For many of my friends in the business community, then, these next words will be unpleasant. Because in my cold, rational mind, I cannot find any reason why the taxpayers of the city of Indianapolis – or of the state of Indiana, for that matter – should subsidize the operations of the Indianapolis Colts.
I am a football fan on the weekends, certainly, and have personally enjoyed watching and attending Colts games. But on weekdays I am an economist, and we keep score in an entirely different game. And the argument that having squads of professional athletes strap on helmets and knock each other around on Sunday afternoons is a boon to the local economy has always been a difficult one to swallow.
That’s what some studies of the impact of sports franchises on regional economic performance purport to show. The fact that those studies are commissioned by advocates of public underwriting of sports facilities is not, for me at least, especially troubling. If funding professional sports really produces a net gain for the economy, who else would we expect to bring that fact to our attention?
It is the assumptions that lead to that result that trouble me. The idea that spending by local residents on anything – gambling in casinos, buying cars, or attending sports events – can propel the overall economy to greater heights is something we should all be deeply skeptical of.
The overwhelming evidence in regional economics is that increases in such spending – say, as a result of a team’s relocation – inevitably produces a displacement in spending on something else. In order to realistically assess how a sports team’s operations impact the economy, we have to think very hard about what that “something else” is.

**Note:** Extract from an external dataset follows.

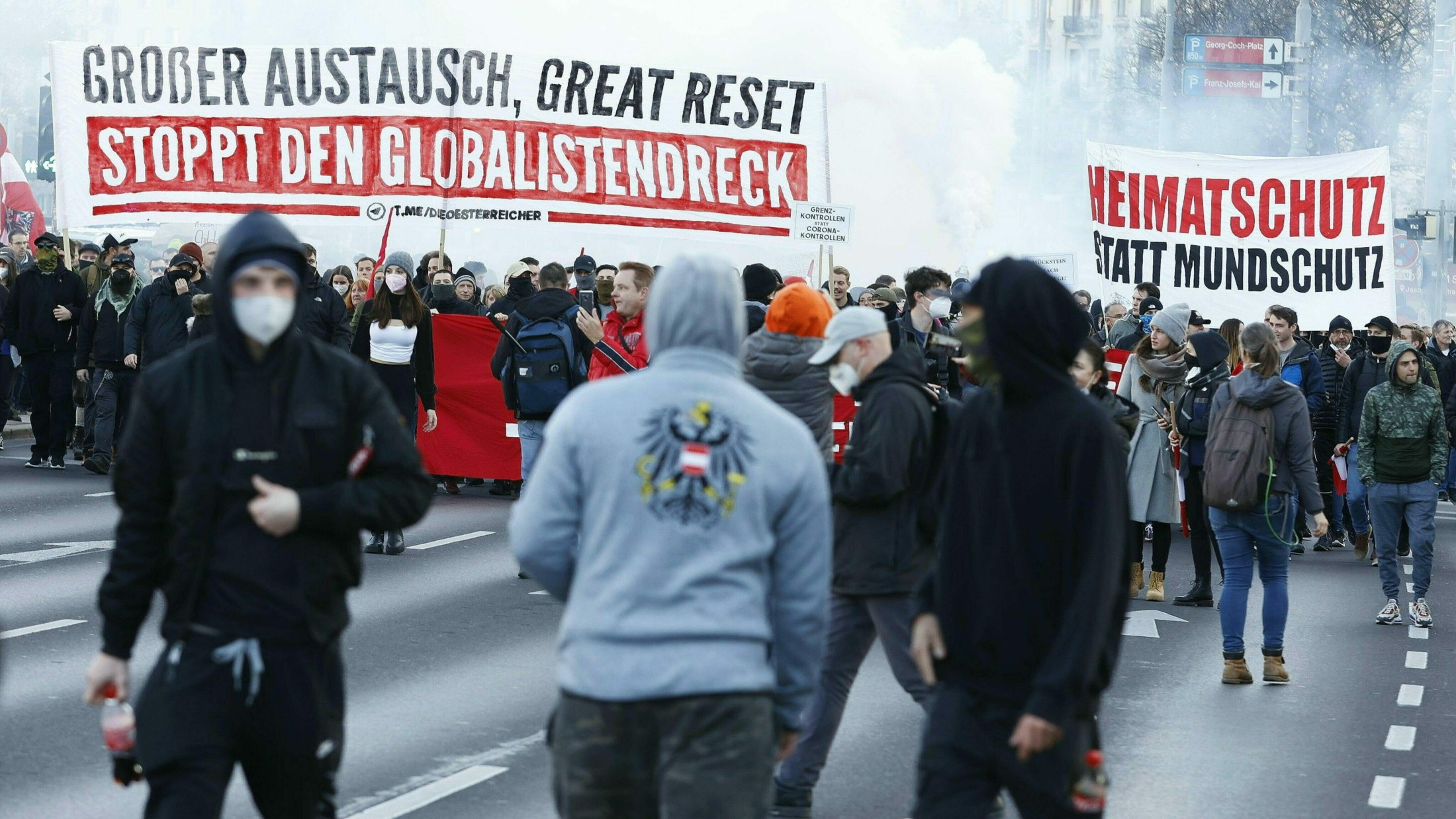 В субботу 20 ноября, как пишет австрийское издание Krone, десятки тысячи человек вышли в центре Вены сразу на несколько демонстраций. Это пожалуй были самые массовые акции в стране за все время пандемии.
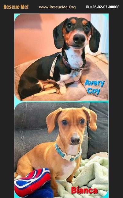 This darling duo met in foster care and are so good together, we'd really like to find them a forever home together!��%BD%A0 Both are one year; Bianca is 15 pounds, Avery Coy 16. Active youngsters, they spend a good part of every day playing with one another, other dogs too. They love to run, do zoomies; and they like snow! We'd like them to have a fenced yard. They're affectionate, cuddly, love being with their humans. Avery Coy is shy at first, needs time to feel comfortable; Bianca is more outgoing. Both are full of doxie personality, great fun and so lovable -- wonderful family members. If you have room and time for two energetic youngsters, reach out. Reach out for more photos. Fostered near Philadelphia, PA. Adoption fee for pair $995. www.longdogsrescue.org/application

Unfortunately, such assessment is rare in most impact studies performed to date. They simply look at the spending by those who attend games on restaurants, parking, hotels, concessions, and tickets as if it came bundled up under the Christmas tree.

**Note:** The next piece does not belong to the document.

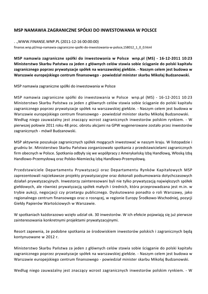 MSP NAMAWIA ZAGRANICZNE SPÓŁKI DO INWESTOWANIA W POLSCE . .,WWW.FINANSE.WNP.PL (2011-12-16 00:00:00) finanse.wnp.pl/msp-namawia-zagraniczne-spolki-do-inwestowania-w-polsce,158012_1_0_0.html MSP namawia zagraniczne spółki do inwestowania w Polsce wnp.pl (MS) - 16-12-2011 10:23 Ministerstwo Skarbu Państwa za jeden z głównych celów stawia sobie ściąganie do polski kapitału zagranicznego poprzez prywatyzacje spółek na warszawskiej giełdzie. - Naszym celem jest budowa w Warszawie europejskiego centrum finansowego - powiedział minister skarbu Mikołaj Budzanowski. MSP namawia zagraniczne spółki do inwestowania w Polsce MSP namawia zagraniczne spółki do inwestowania w Polsce wnp.pl (MS) - 16-12-2011 10:23 Ministerstwo Skarbu Państwa za jeden z głównych celów stawia sobie ściąganie do polski kapitału zagranicznego poprzez prywatyzacje spółek na warszawskiej giełdzie. - Naszym celem jest budowa w Warszawie europejskiego centrum finansowego - powiedział minister skarbu Mikołaj Budzanowski. Według niego zauważalny jest znaczący wzrost zagranicznych inwestorów polskim rynkiem. - W pierwszej połowie 2011 roku 48 proc. obrotu akcjami na GPW wygenerowane zostało przez inwestorów zagranicznych - mówił Budzanowski. MSP aktywnie poszukuje zagranicznych spółek mogących inwestować w naszym kraju. W listopadzie i grudniu br. Ministerstwo Skarbu Państwa zorganizowało spotkania z przedstawicielami zagranicznych firm obecnych w Polsce. Spotkania odbyły się we współpracy z Amerykańską Izbą Handlową, Włoską Izbą Handlowo-Przemysłową oraz Polsko-Niemiecką Izbą Handlowo-Przemysłową. Przedstawiciele Departamentu Prywatyzacji oraz Departamentu Rynków Kapitałowych MSP zaprezentowali najciekawsze projekty prywatyzacyjne oraz dokonali podsumowania dotychczasowych działań prywatyzacyjnych. Inwestorzy zainteresowani byli nie tylko prywatyzacją największych spółek giełdowych, ale również prywatyzacją spółek małych i średnich, która przeprowadzana jest m.in. w trybie aukcji, negocjacji czy przetargu publicznego. Dyskutowano ponadto o roli Warszawy, jako regionalnego centrum finansowego oraz o rosnącej, w regionie Europy Środkowo-Wschodniej, pozycji Giełdy Papierów Wartościowych w Warszawie. W spotkaniach każdorazowo wzięło udział ok. 30 inwestorów. W ich efekcie pojawiają się już pierwsze zainteresowania konkretnymi projektami prywatyzacyjnymi. Resort zapewnia, że podobne spotkania ze środowiskiem inwestorów polskich i zagranicznych będą kontynuowane w 2012 r. Ministerstwo Skarbu Państwa za jeden z głównych celów stawia sobie ściąganie do polski kapitału zagranicznego poprzez prywatyzacje spółek na warszawskiej giełdzie. - Naszym celem jest budowa w Warszawie europejskiego centrum finansowego - powiedział minister skarbu Mikołaj Budzanowski. Według niego zauważalny jest znaczący wzrost zagranicznych inwestorów polskim rynkiem. - W pierwszej połowie 2011 roku 48 proc. obrotu akcjami na GPW wygenerowane zostało przez inwestorów zagranicznych - mówił Budzanowski. MSP aktywnie poszukuje zagranicznych spółek mogących inwestować w naszym kraju. W listopadzie i grudniu br. Ministerstwo Skarbu Państwa zorganizowało spotkania z przedstawicielami zagranicznych firm obecnych w Polsce. Spotkania odbyły się we współpracy z Amerykańską Izbą Handlową, Włoską Izbą Handlowo-Przemysłową oraz Polsko-Niemiecką Izbą Handlowo-Przemysłową. Przedstawiciele Departamentu Prywatyzacji oraz Departamentu Rynków Kapitałowych MSP zaprezentowali najciekawsze projekty prywatyzacyjne oraz dokonali podsumowania dotychczasowych działań prywatyzacyjnych. Inwestorzy zainteresowani byli nie tylko prywatyzacją największych spółek giełdowych, ale również prywatyzacją spółek małych i średnich, która przeprowadzana jest m.in. w trybie aukcji, negocjacji czy przetargu publicznego. Dyskutowano ponadto o roli Warszawy, jako regionalnego centrum finansowego oraz o rosnącej, w regionie Europy Środkowo-Wschodniej, pozycji Giełdy Papierów Wartościowych w Warszawie. W spotkaniach każdorazowo wzięło udział ok. 30 inwestorów. W ich efekcie pojawiają się już pierwsze zainteresowania konkretnymi projektami prywatyzacyjnymi. Resort zapewnia, że podobne spotkania ze środowiskiem inwestorów polskich i zagranicznych będą kontynuowane w 2012 r.

It is strange, but true, that from an impact point of view, the best thing for the Colts would be to have no local fans whatsoever.
If the stadium were filled in 1984 with fans who traveled here from Baltimore, then their spending could genuinely be considered as new and directly attributable to the presence of the team here.

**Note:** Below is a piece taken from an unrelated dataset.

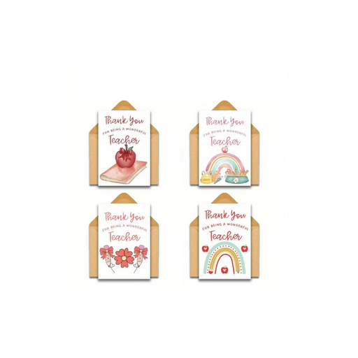 MegastoreNo reviewsIn stock4-Pack Teacher Thank You Cards with Envelopes – Adorable Classroom Appreciation Designs Featuring Hearts, Rainbows, Apples, Flowers & School Th...

If that sounds strange, then I should tell you that this was precisely the assumption used in a study of the New England Patriots aborted move to Hartford, Connecticut that would have been financed, in part, by taxpayers of that state. If tens of thousands of Foxboro fans would have extended their trips down to Hartford for each home game, then the economy of that city and state clearly stood to reap a net gain.
The principle of spending displacement applies to the public sector as well. If public funds are expended in support of the Colts, those monies are not available for other uses.
There’s more to this issue than will fit in this space, of course. The so-called intangibles of having a major league franchise, the appeal of luxury boxes at sports stadiums to corporate executives, and the impact of athletes as role models in the community are all frequently used to justify dipping into the public purse to support what is essentially an entertainment product. But if someone tells you that the economy will benefit, my advice is to be skeptical.